Given data:
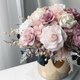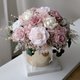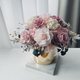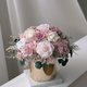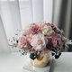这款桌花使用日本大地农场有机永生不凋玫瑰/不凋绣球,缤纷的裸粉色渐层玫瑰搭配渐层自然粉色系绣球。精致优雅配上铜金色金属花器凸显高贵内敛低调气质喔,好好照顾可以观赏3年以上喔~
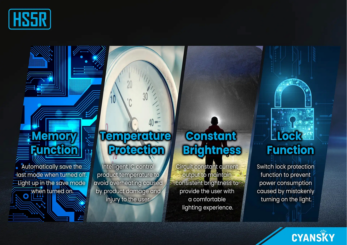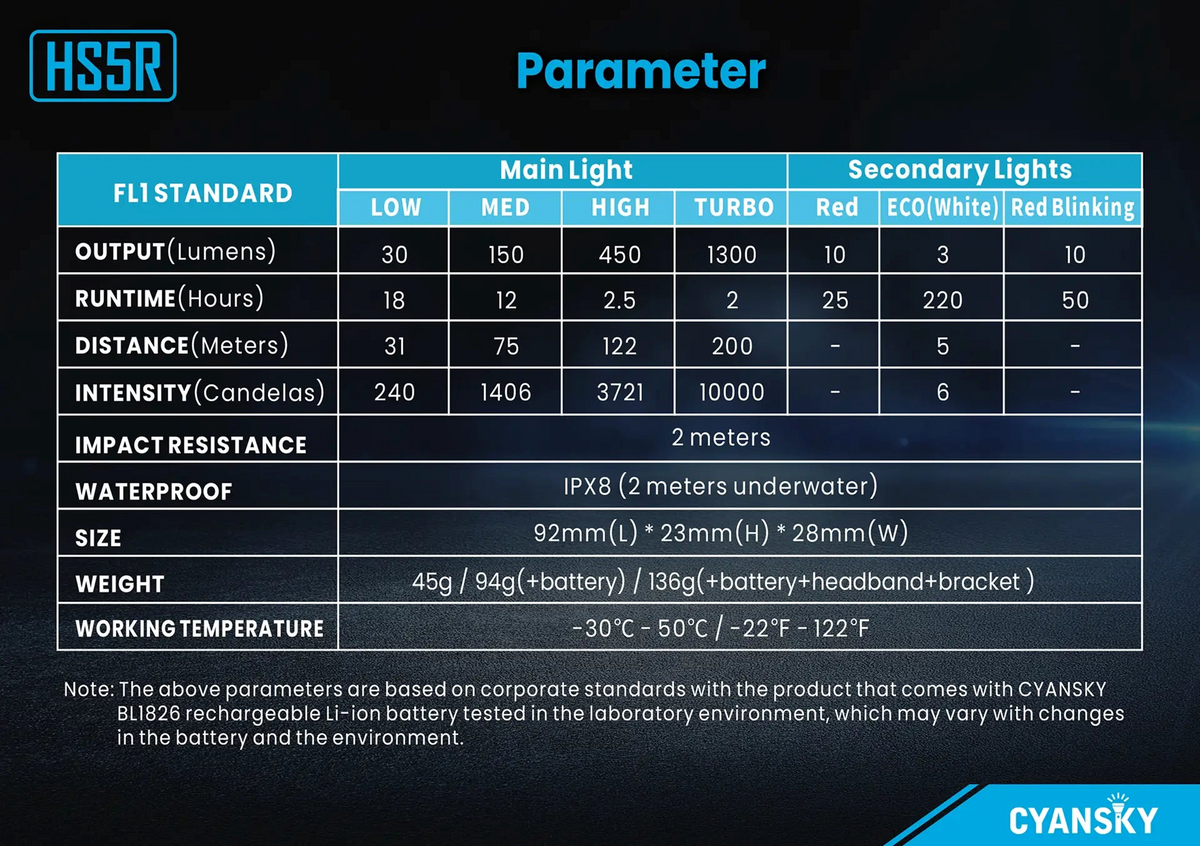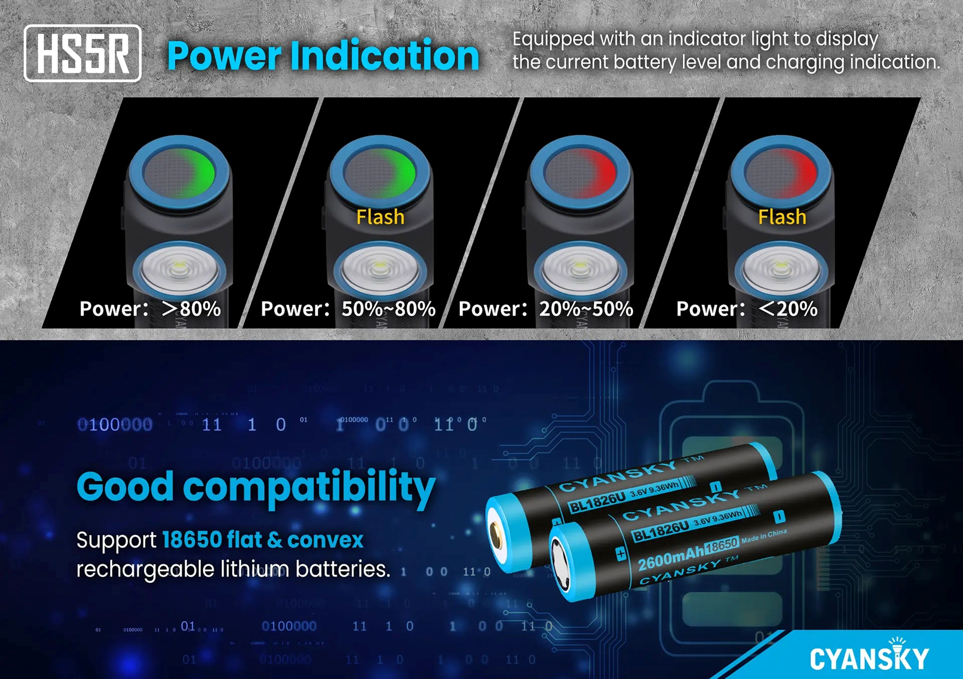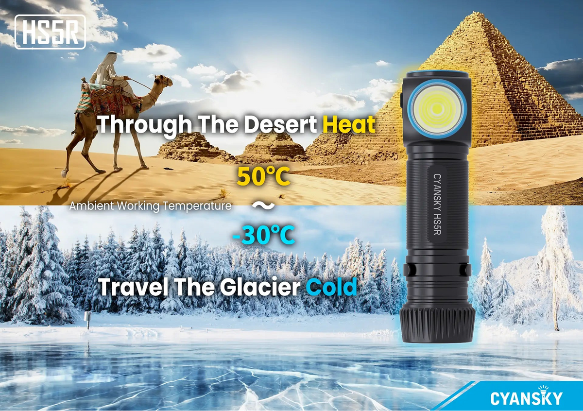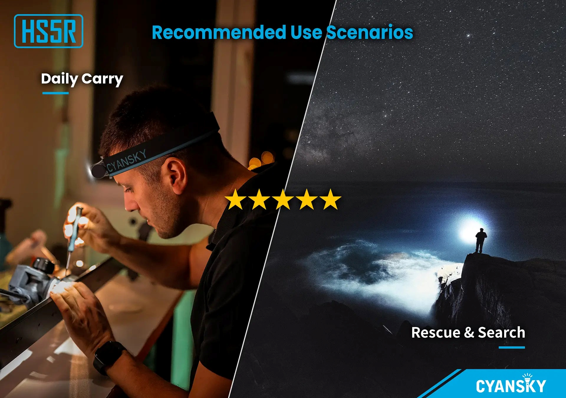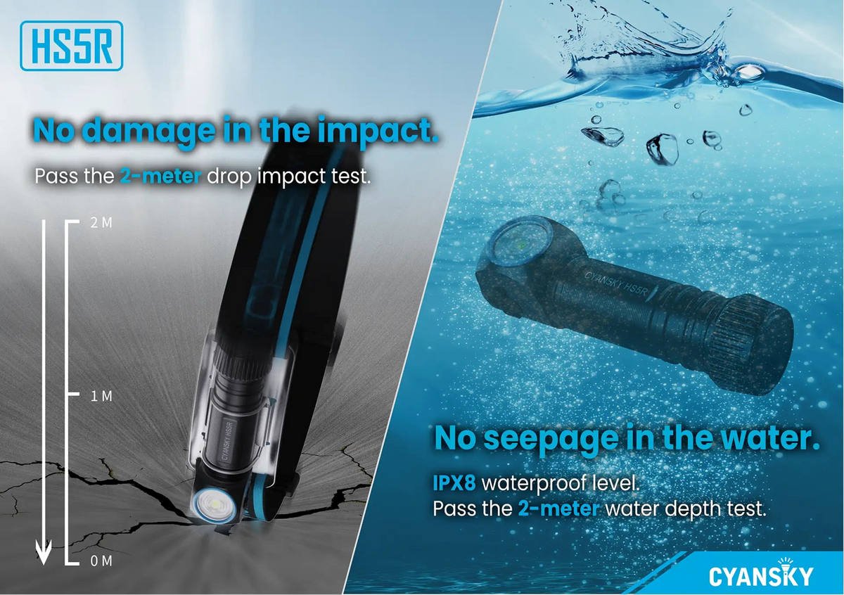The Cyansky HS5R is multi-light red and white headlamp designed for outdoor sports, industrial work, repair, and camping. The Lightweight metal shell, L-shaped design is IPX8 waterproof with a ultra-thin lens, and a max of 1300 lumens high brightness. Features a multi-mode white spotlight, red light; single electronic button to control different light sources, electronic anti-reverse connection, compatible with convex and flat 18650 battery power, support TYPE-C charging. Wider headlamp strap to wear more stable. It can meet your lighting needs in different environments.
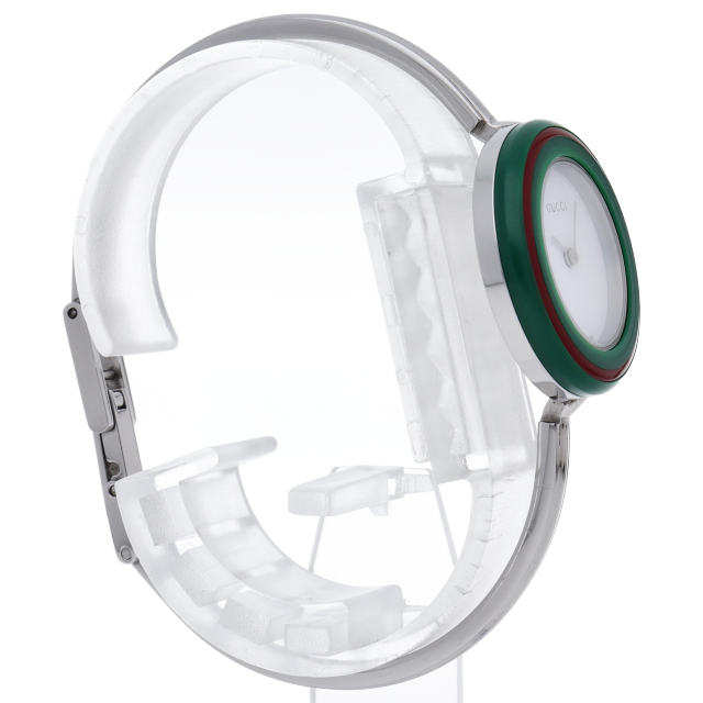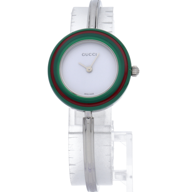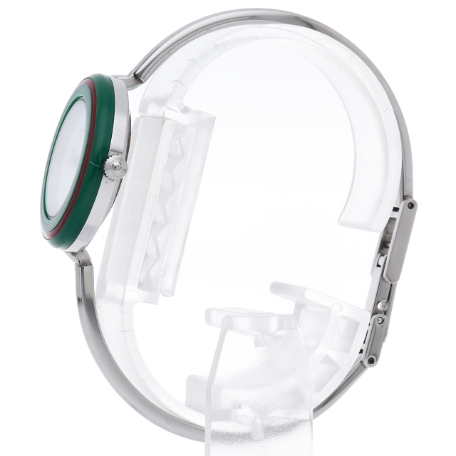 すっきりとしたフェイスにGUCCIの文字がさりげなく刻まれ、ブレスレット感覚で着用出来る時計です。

Exercise prompt: Write out everything in the data word for word. Omit each picture.

Solution for this exercise:
这款桌花使用日本大地农场有机永生不凋玫瑰/不凋绣球,缤纷的裸粉色渐层玫瑰搭配渐层自然粉色系绣球。精致优雅配上铜金色金属花器凸显高贵内敛低调气质喔,好好照顾可以观赏3年以上喔~
The Cyansky HS5R is multi-light red and white headlamp designed for outdoor sports, industrial work, repair, and camping. The Lightweight metal shell, L-shaped design is IPX8 waterproof with a ultra-thin lens, and a max of 1300 lumens high brightness. Features a multi-mode white spotlight, red light; single electronic button to control different light sources, electronic anti-reverse connection, compatible with convex and flat 18650 battery power, support TYPE-C charging. Wider headlamp strap to wear more stable. It can meet your lighting needs in different environments.
 すっきりとしたフェイスにGUCCIの文字がさりげなく刻まれ、ブレスレット感覚で着用出来る時計です。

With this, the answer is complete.